A tough US sanctions campaign has had some success in cutting off Iran's Islamic Revolutionary Guard Corps (IRGC) from its foreign financial network, which funds activities that threaten international security, experts told Diyaruna.
The effect of the sanctions, which have targeted the economic interests of the Iranian regime and its agents -- especially Iran-aligned militias in Iraq and Lebanon -- is becoming increasingly evident, they said.
The US Treasury has imposed sanctions on dozens of organisations and individuals that fund the IRGC, which collectively funnel millions of dollars to it through money laundering operations, illegal business activity and fundraising.
The most recent batch of sanctions, announced March 26th, targeted a vast network of 15 individuals and five companies operating in Iraq and Iran that supported the IRGC's Quds Force (IRGC-QF).
The network was involved in transferring lethal aid to Iran-backed Iraqi militias such as Kataib Hizbullah and Asaib Ahl al-Haq, as well as smuggling through Iraq's Umm Qasr port and laundering money through Iraqi front companies.
It also was involved in selling Iranian oil to the Syrian regime, and smuggling weapons to Yemen, among other charges, the Treasury said.
The most recent sanctions "constitute pressure from Washington to cut off funding sources for the Iranian regime and the militias loyal to it", said Ghazi Faisal Hussain, an adviser at the Iraqi Centre for Strategic Studies.
"No one is allowed to do business with the sanctioned entities or provide any sort of facilitation for them," he told Diyaruna.
"They have to immediately stop any bank transactions, buying and selling, and all their economic and financial activity," he added.
'A significant source of danger'
The IRGC and its agents, including the designated individuals and companies, "constitute a significant source of danger for international peace through their armed operations that threaten civilians", Hussain said.
Some have been involved in activities such as drug smuggling and arms dealing, in addition to the plundering of national resources, he said, adding that the sanctions "have significantly minimised the work of Iran's agents".
"The sanctions have targeted several bank networks, trade and money laundering operations serving the interests of Lebanese Hizbullah and Iran's interests in Africa and Latin America," he noted.
As a result, he added, "Hizbullah now suffers from unprecedented economic hardship, which has resulted in withdrawing some of its elements from Syria".
"This also applies to militias in Iran and Iraq whose leaders have been placed on the sanctions list, thus harming their money and oil smuggling operations and their efforts to undermine the Iraqi economy," he said.
"Iran's financiers and agents are a vast and organised network that is active in a host of areas including extortion, taxation and smuggling and theft of public property," former Iraqi MP Mithal al-Alousi told Diyaruna.
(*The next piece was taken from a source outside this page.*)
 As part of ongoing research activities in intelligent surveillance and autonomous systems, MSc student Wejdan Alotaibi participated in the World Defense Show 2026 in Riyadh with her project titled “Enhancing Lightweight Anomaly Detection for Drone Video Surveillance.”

US sanctions primarily target the agents and links in this network, with the goal of dismantling it in the region and around the world, he said.
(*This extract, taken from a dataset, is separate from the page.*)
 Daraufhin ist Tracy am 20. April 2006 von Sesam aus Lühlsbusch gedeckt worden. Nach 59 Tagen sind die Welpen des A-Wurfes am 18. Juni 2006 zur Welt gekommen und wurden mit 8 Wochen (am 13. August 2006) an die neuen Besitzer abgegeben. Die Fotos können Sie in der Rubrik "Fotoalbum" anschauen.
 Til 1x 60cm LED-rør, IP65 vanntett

'Effective and impactful' sanctions
Through its sanctions campaign, al-Alousi said, the US aims to disable Iran's agents, who are responsible for harming thousands of innocent people and committing a host of violations.
He noted that sanctions could pave the way for harsher measures taken against the Iranian regime and its allies, calling on the international community to play a larger role when it comes to containing the Iranian threat.
Bahraini writer and political researcher Abdullah al-Junaid told Diyaruna that he believes the sanctions targeting IRGC funding networks are proving to be "effective and impactful".
They have thwarted the Iranian agenda that seeks "to set the region on fire" with wars, problems and conflicts, he said.
Al-Junaid said the sanctions have felled a number of individuals, companies and organisations that used to fund the Iranian regime and help it defy the international community and international law.
The sanctions have prevented the Iranian regime and the IRGC from continuing with their malign activities by targeting the funding for its militias, he said.
In a video clip from mid-February, circulating on social media in early April, a former Islamic Republic minister, Parviz Fattah, disclosed that former IRGC-QF commander Qassem Soleimani once asked him to help finance the Afghan Fatemiyoun brigade.
The military unit was formed by the Quds Force in 2014 to fight in Syria on the side of forces loyal to Bashar al-Assad.
Al-Junaid underscored the importance of following the money trail leading to groups loyal to Iran and to investigate funds that come from donations as well as other large financial transactions.
The hostile foreign policy the Iranian regime has adopted and insists on pursuing, will end up costing it dearly, al-Junaid said.